PROBLEM DESCRIPTION: Within the lines below, the span from the line with "2、首页有扫码上机、附近网吧" to the line with "2-Zimmer-Wohnung 50 m2", both ends included, is to be reproduced exactly, with pictures omitted.

====== RECORDS TO PROCESS

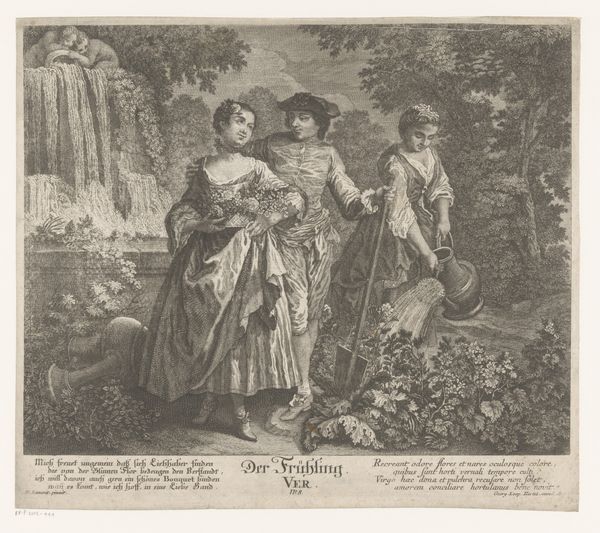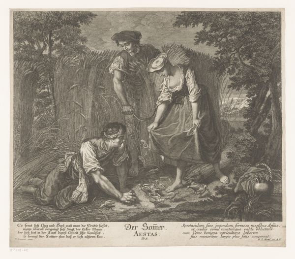 This print, titled "Herfst," which translates to "Autumn" in English, was made by an anonymous artist. The print depicts a pastoral scene, laden with symbolism reflective of its era. At its heart, we see themes of courtship and labor, wrapped in the guise of seasonal allegory. The well-dressed man, seemingly of higher social standing, interacts closely with the woman holding a basket overflowing with grapes, hinting at both the harvest and perhaps, a more intimate yield. Other figures work in the background, grounding the image in the realities of agricultural life, and suggesting the class distinctions inherent in this society. The image evokes a sense of abundance, but also hints at the fleeting nature of beauty and the passage of time. It invites us to consider the complex interplay between desire, social roles, and the ever-changing seasons of life.
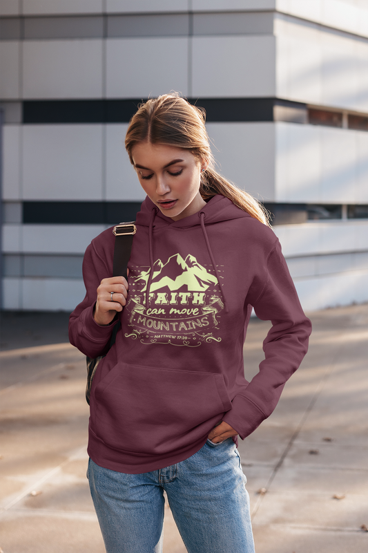 Maroon "Faith can move mountains" unisex christian hooded sweatshirt
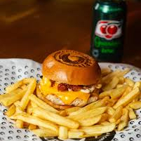 humburguer 180 gr pao brioche alface bacon e queijo chedar e fritas
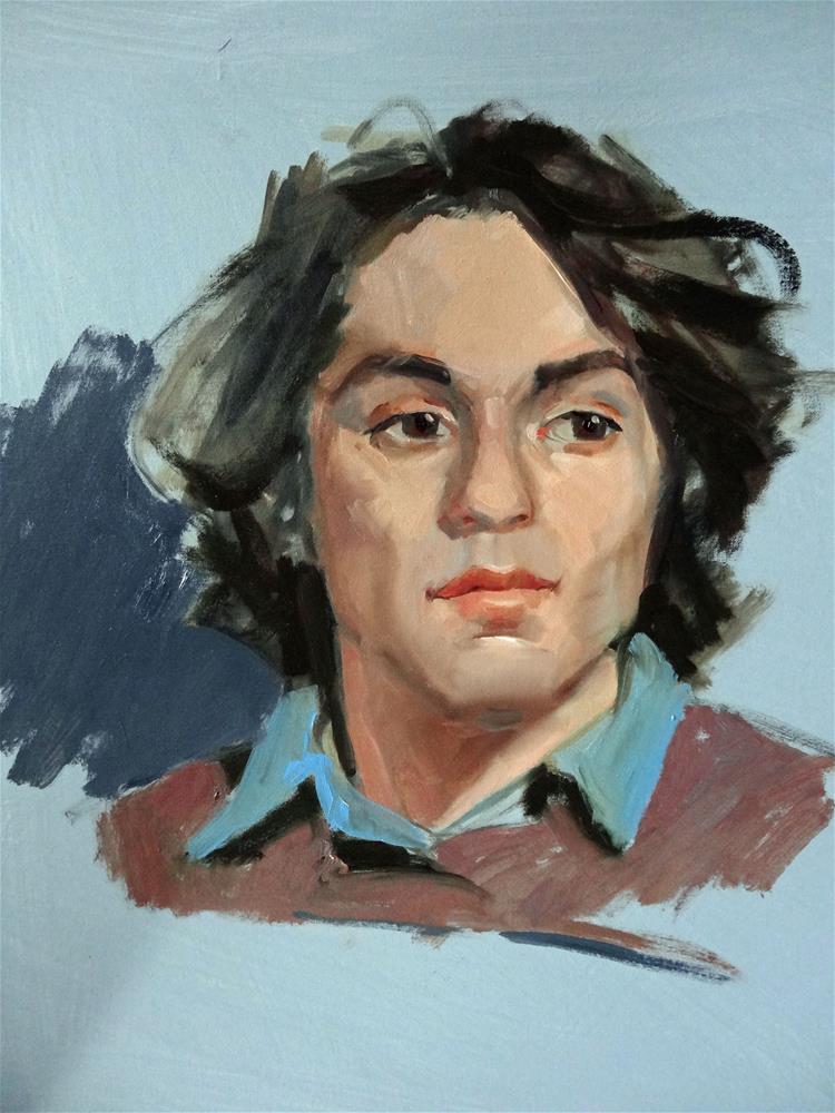 This young man is home scholled and created his own goals. He lives in the northern part of our county (which is 100 miles long) His transportation to our art group is hooping a ride with his Dad to his place of work, then hooping public transportation. He is a welcome addition and incredibly smart and respectful. I hope that comes thru in the painting. Another 3 hour piece.
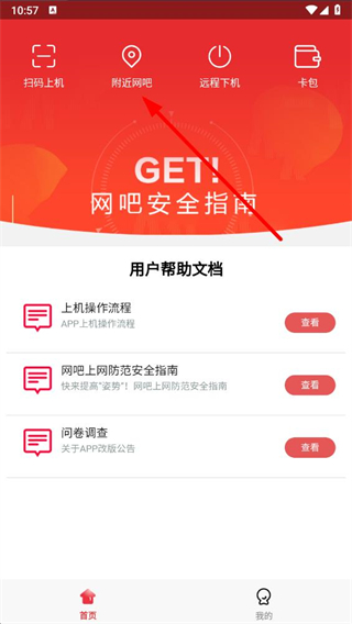 2、首页有扫码上机、附近网吧、远程下机功能,直接使用易上网APP扫描网吧电脑上的二维码,就能快速上机。
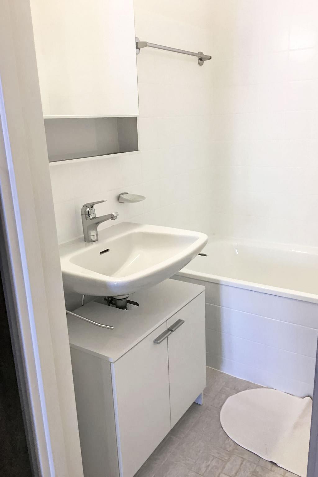 2-Zimmer-Wohnung 50 m2 im 1. Stock, Südlage. Hell, komfortabel und gemütlich eingerichtet: offenes grosses Wohn-/Schlafzimmer mit 1 Doppelwandschrankbett (2 x 90 cm, Länge 200 cm), Esstisch, Sat-TV und Flachbildschirm. Ausgang zum Balkon. 1 Doppelzimmer mit 1 Bett (90 cm, Länge 200 cm), 1 Doppelbett (2 x 90 cm, Länge 200 cm). Ausgang zum Balkon. Offene Küche (Geschirrspüler, 4 Glaskeramikplatten, Fondue Set (Käse)). Bad/WC. Balkon 14 m2. Schöne Sicht auf die Berge und die Landschaft. Zur Verfügung: Kinderhochstuhl. Internet (Wireless LAN, gratis). Garage Nr. 7-6 beim Haus, Höhe 194 cm. Bitte beachten: Nichtraucher-Unterkunft. Im Winter keine Skis und Skischuhe in der Wohnung erlaubt. 571 687.68.266.151
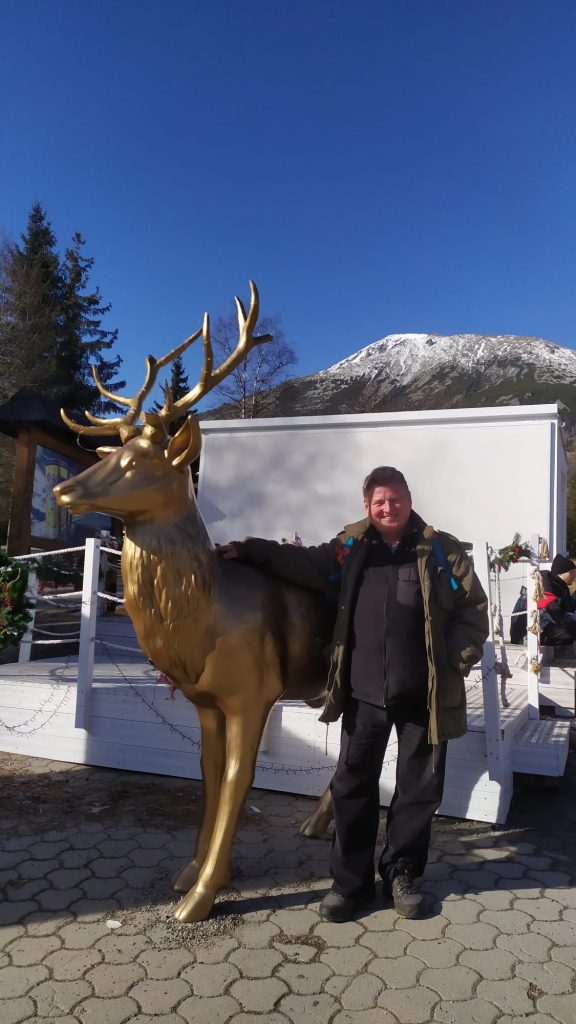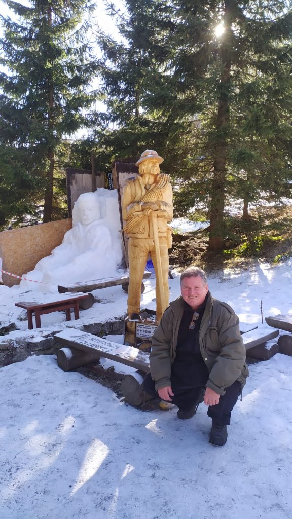 Ďalším cieľom bola vychádzka k Rainerovej útuľni, kde sme nemali šťastie na skutočného Petra Petrasa, tak aspoň vo forme sôch sme si na neho spomenuli, že sa mu podarilo zachrániť túto útulňu. Užívali sme si tento nádherný tatranský deň.
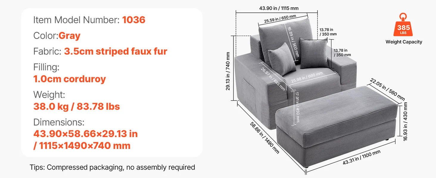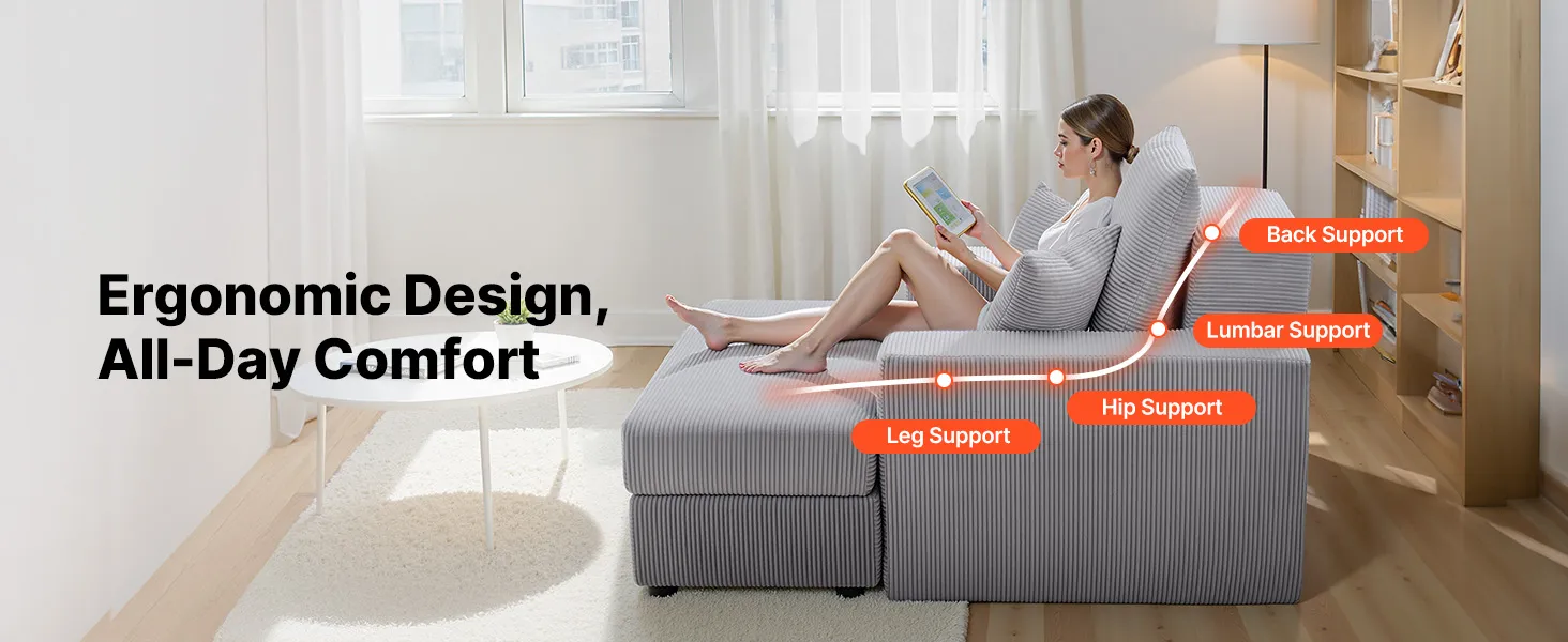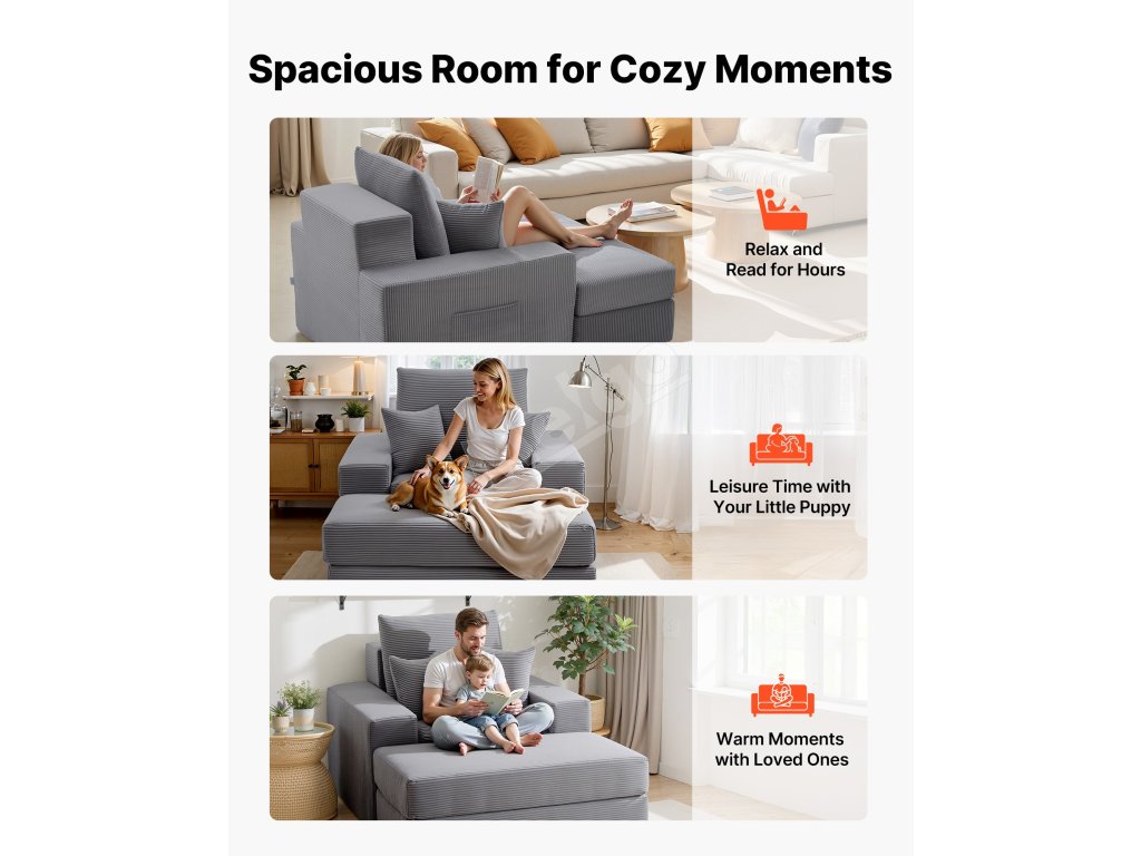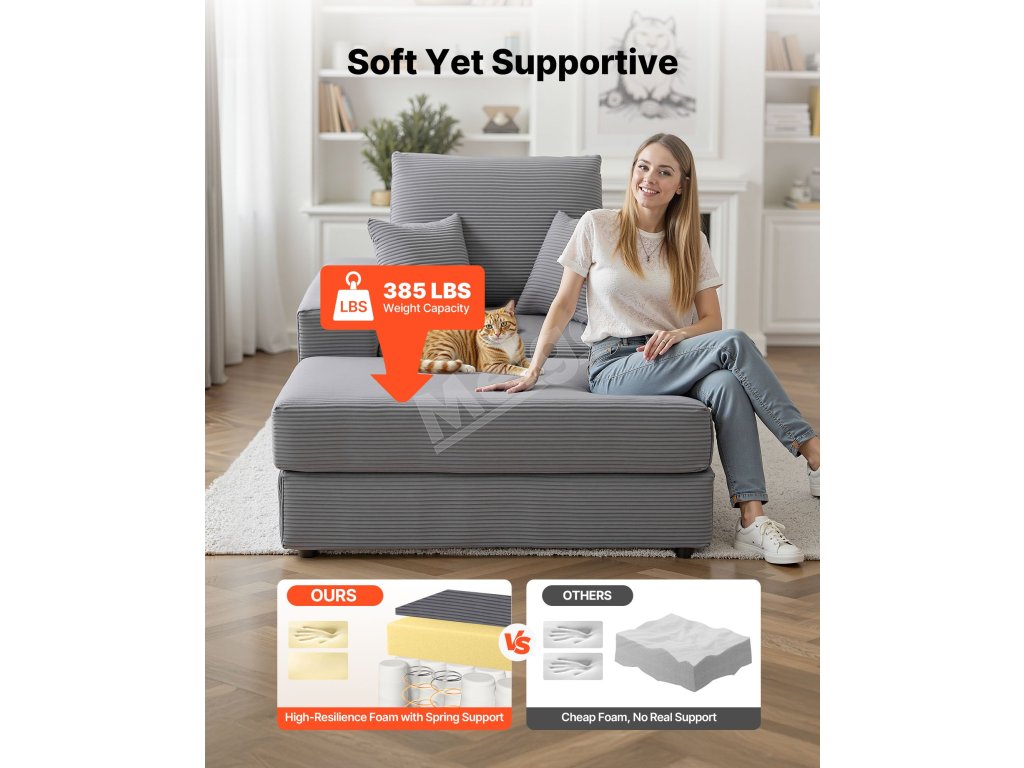 Sedací vankúš s vysokou hustotou tohto nadrozmerného ležadla poskytuje pevnú oporu, zatiaľ čo ergonomický dizajn zabezpečuje pohodlie pri dlhom sedení, čím zabraňuje únave a ovisnutiu.
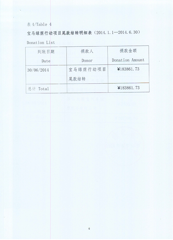 宝马绿荫行动项目尾款结转明细表(2014.1.1—2014.6.30)
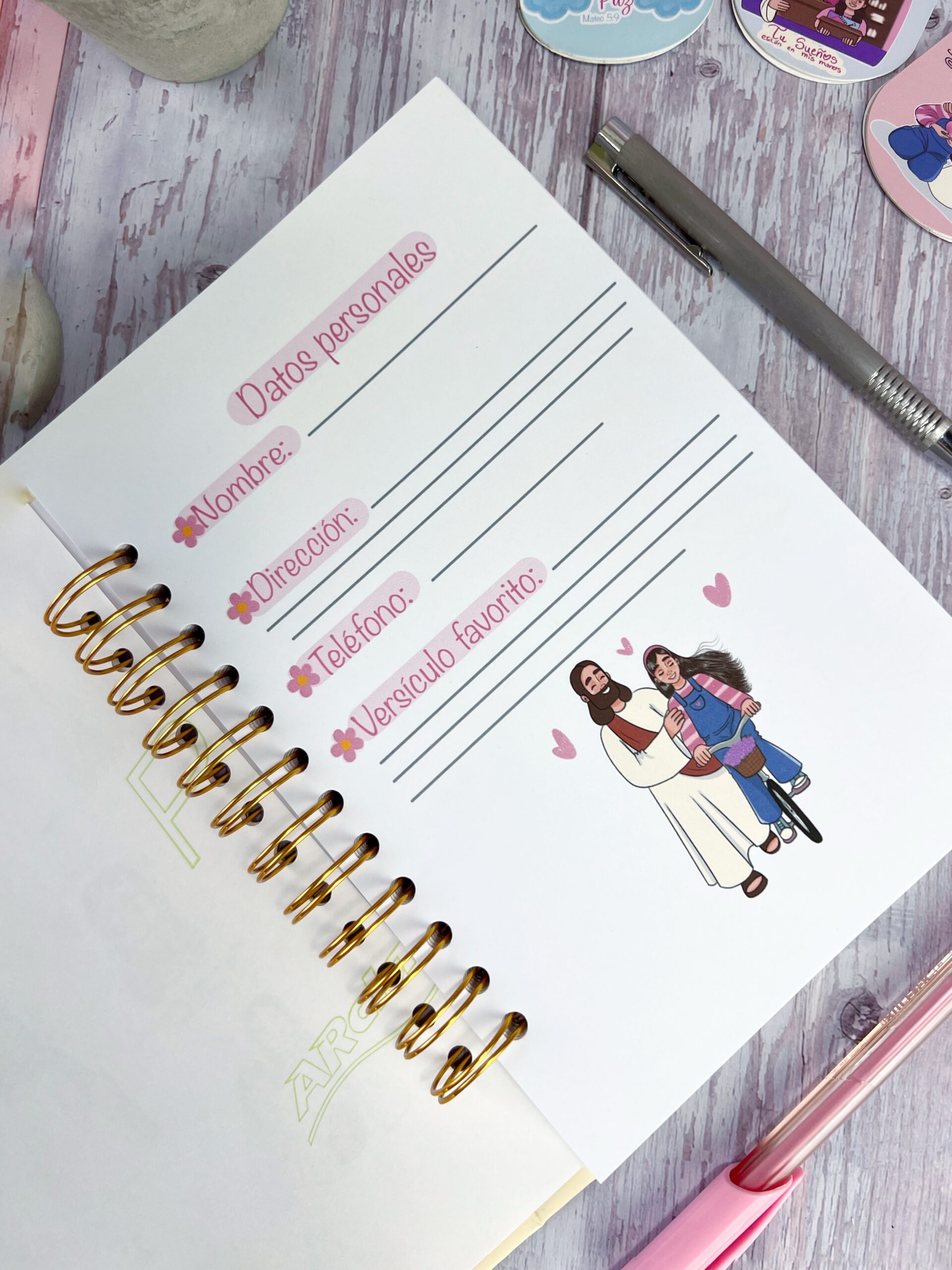 Cada mes está marcado por una ilustración inspiradora que te invita a reflexionar y profundizar en tu fe. Además, incluye una hoja con 8 stickers exclusivos para personalizar y embellecer tus anotaciones.
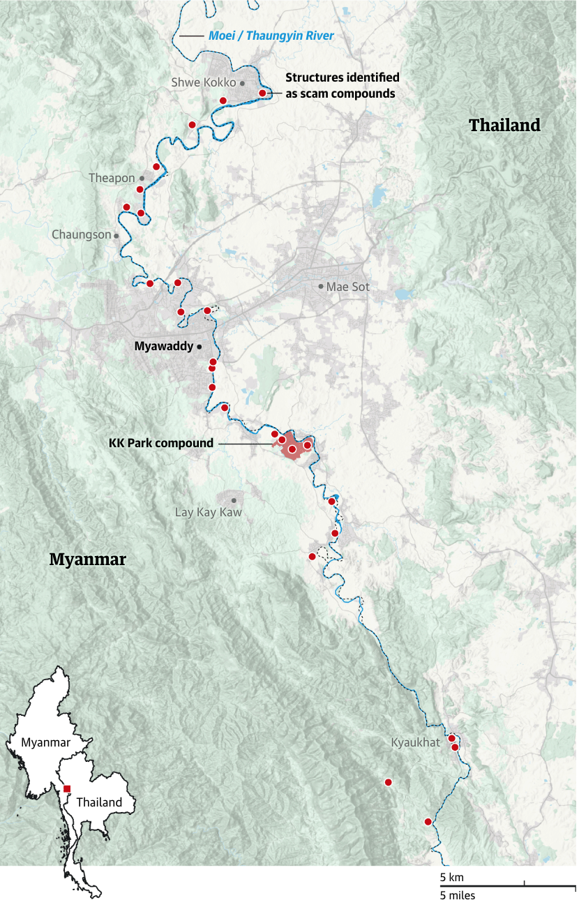 Bản đồ trung tâm lừa đảolớn nhất KK Park và các ổ lừa đảo khác tại biên giới Thái Lan - Myanmar. (Ảnh: Guardian)

============

SOLUTION:
 2、首页有扫码上机、附近网吧、远程下机功能,直接使用易上网APP扫描网吧电脑上的二维码,就能快速上机。
 2-Zimmer-Wohnung 50 m2 im 1. Stock, Südlage. Hell, komfortabel und gemütlich eingerichtet: offenes grosses Wohn-/Schlafzimmer mit 1 Doppelwandschrankbett (2 x 90 cm, Länge 200 cm), Esstisch, Sat-TV und Flachbildschirm. Ausgang zum Balkon. 1 Doppelzimmer mit 1 Bett (90 cm, Länge 200 cm), 1 Doppelbett (2 x 90 cm, Länge 200 cm). Ausgang zum Balkon. Offene Küche (Geschirrspüler, 4 Glaskeramikplatten, Fondue Set (Käse)). Bad/WC. Balkon 14 m2. Schöne Sicht auf die Berge und die Landschaft. Zur Verfügung: Kinderhochstuhl. Internet (Wireless LAN, gratis). Garage Nr. 7-6 beim Haus, Höhe 194 cm. Bitte beachten: Nichtraucher-Unterkunft. Im Winter keine Skis und Skischuhe in der Wohnung erlaubt. 571 687.68.266.151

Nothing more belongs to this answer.